Su marido se inclinó hacia delante, y su rostro parecía lleno de preocupación.
– No debes fatigarte, querida mía.
Claudia suspiró, y después su rostro se iluminó.
– Acabo de tener una idea, Sextio. Voy a contártela, a ver qué te parece. -Acarició el antebrazo de él y luego suspiró llena de asombro y gratitud-. Tú eres mucho más sabio que yo. ¿Crees que eso tiene importancia? Me refiero al número de niños abandonados.
Evidentemente él pensaba que no, incluso aunque asintió con entusiasmo para hacerle un favor.
– Es uno de los pilares del estado, Claudia. Nosotros los romanos siempre tenemos una idea clara de lo que está sucediendo en las tierras que controlamos.

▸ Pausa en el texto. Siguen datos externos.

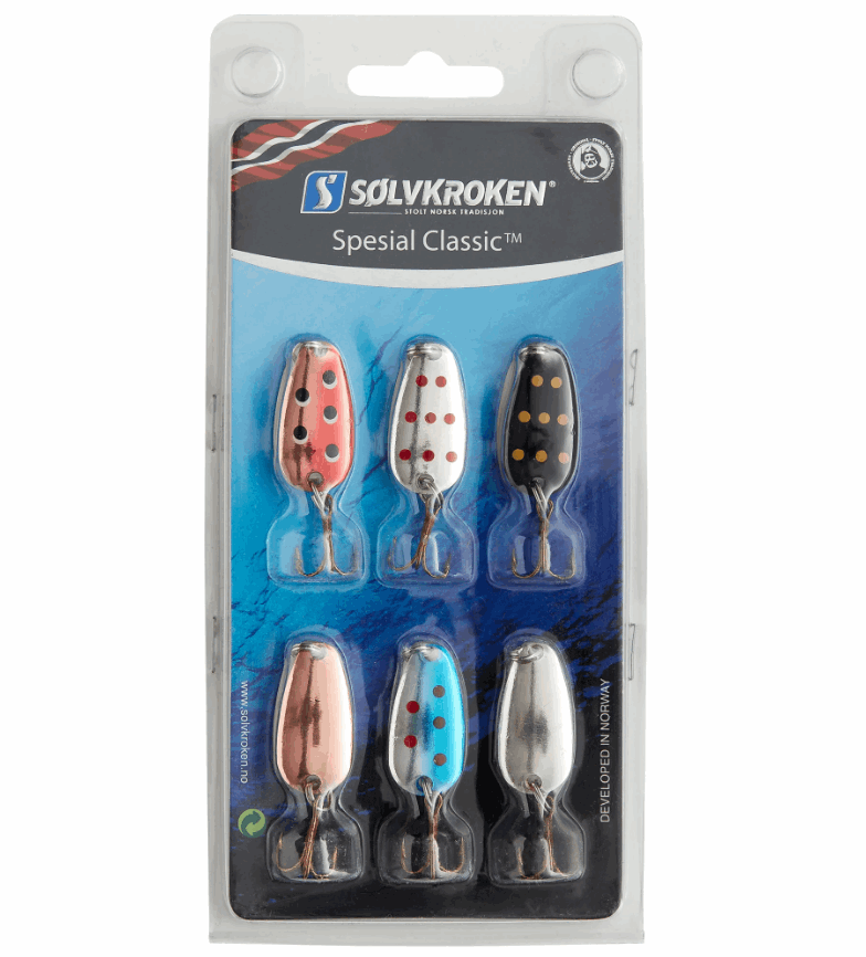 6 pk med seks av Sølvkrokens Spesial Classic-favoritter. Spesial Classic er originalen som fungerer på alt ferskvannsfiske! I dette settet får du seks sluker i forskjellige farger og mønstre, slik at du alltid har en bankers sluk med på tur, uansett forhold.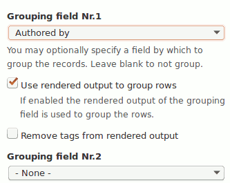 For example, if we have a table of Article nodes showing various information related to that node, we might want to group the results by the article Author. We would end up with as many groups as there are different Authors in the results.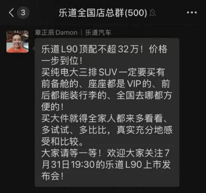 就在理想i8上市后,樂道汽車銷售負責人章正辰在樂道全國店總群中透露,樂道L90頂配不超32萬,價格一步到位。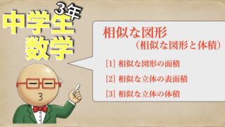 中学3年生で習う数学の相似な図形について解説しています。今回は相似な図形と体積で相似な図形の面積や、体積についてやってます。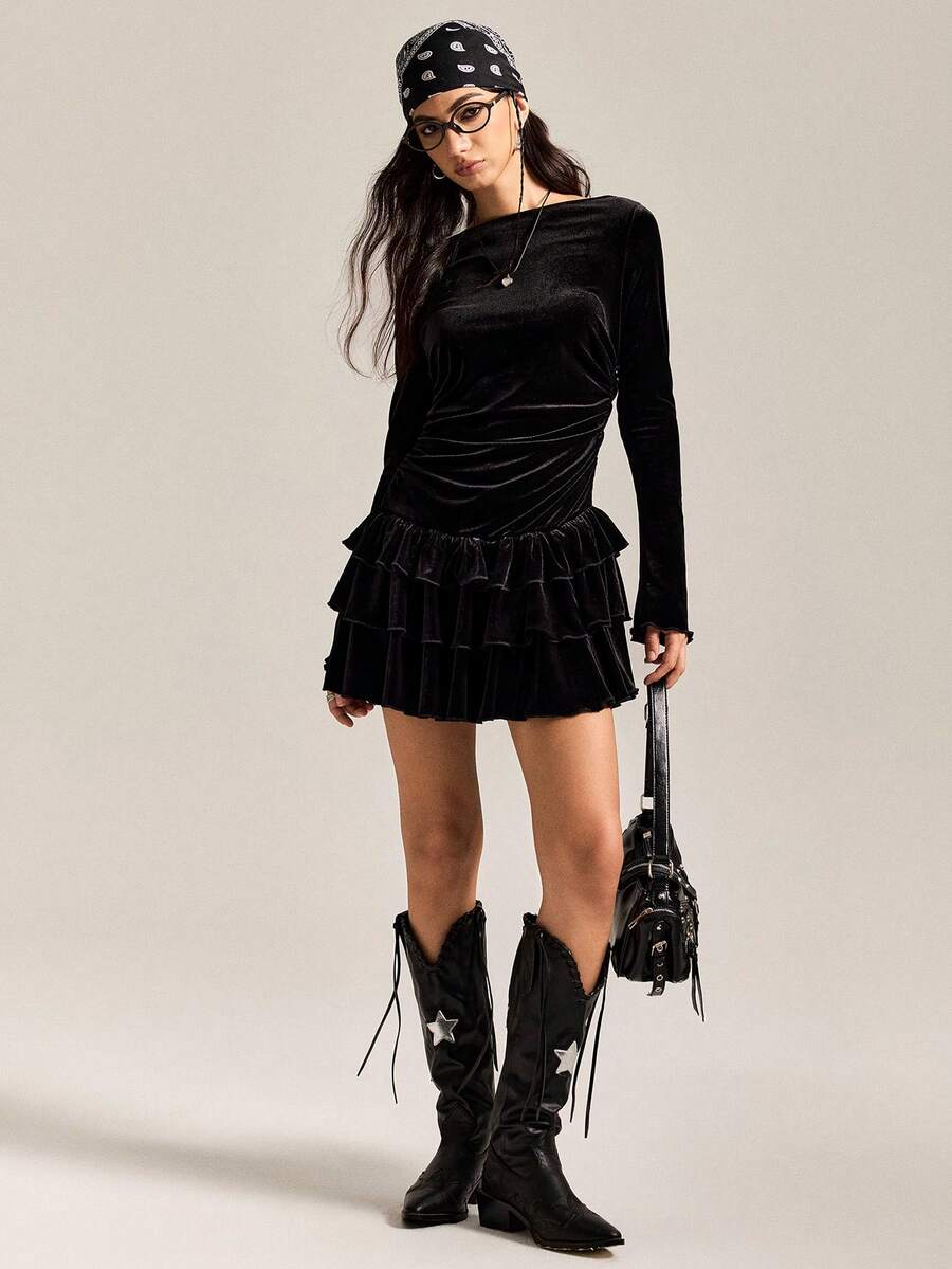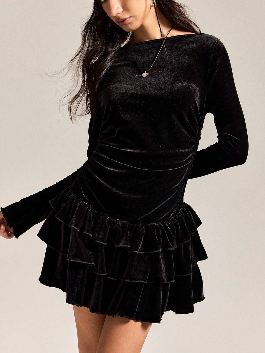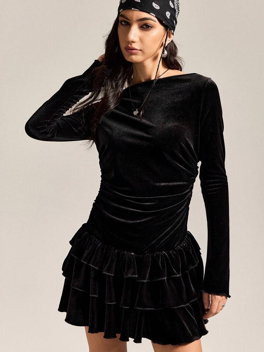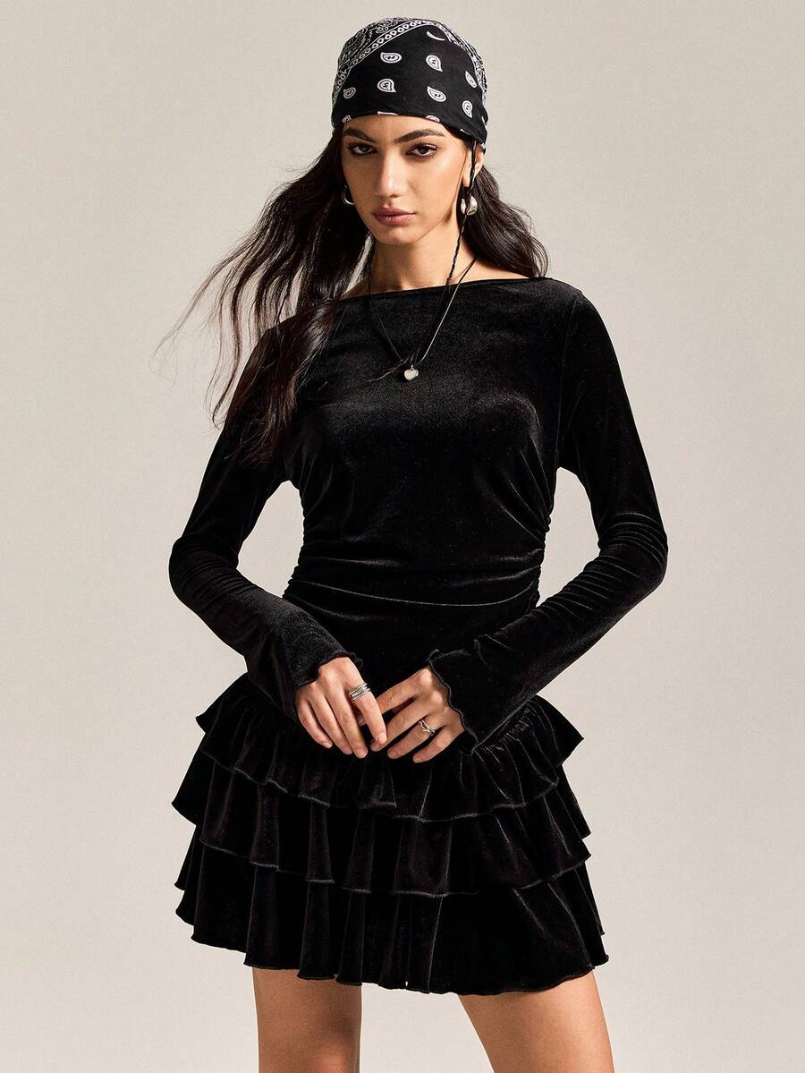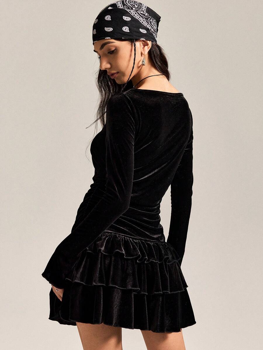 NOVO EZwear Ženska Elegantna Haljina s Ruffles Detaljima - Crna, Dugački Rukavi, Ljetne Haljine za Žene

– Y aun así esa información, por lo que yo sé, no está disponible.
– ¿No? -replicó él con cierta sospecha.
– ¿Y si continúo mi trabajo, tomo nota del número, pero no de los nombres de los niños abandonados? Así después tú puedes presentar las cifras al Senado, sin alabar ni condenar esta práctica, para arrojar algo de luz sobre una zona oscura del comportamiento. Podrían quedar impresionados; y si es así, desde luego que le pondrían tu nombre al informe.
Nada interesaba menos a Sextio que los bebés, especialmente los que eran abandonados a la muerte en laderas yermas.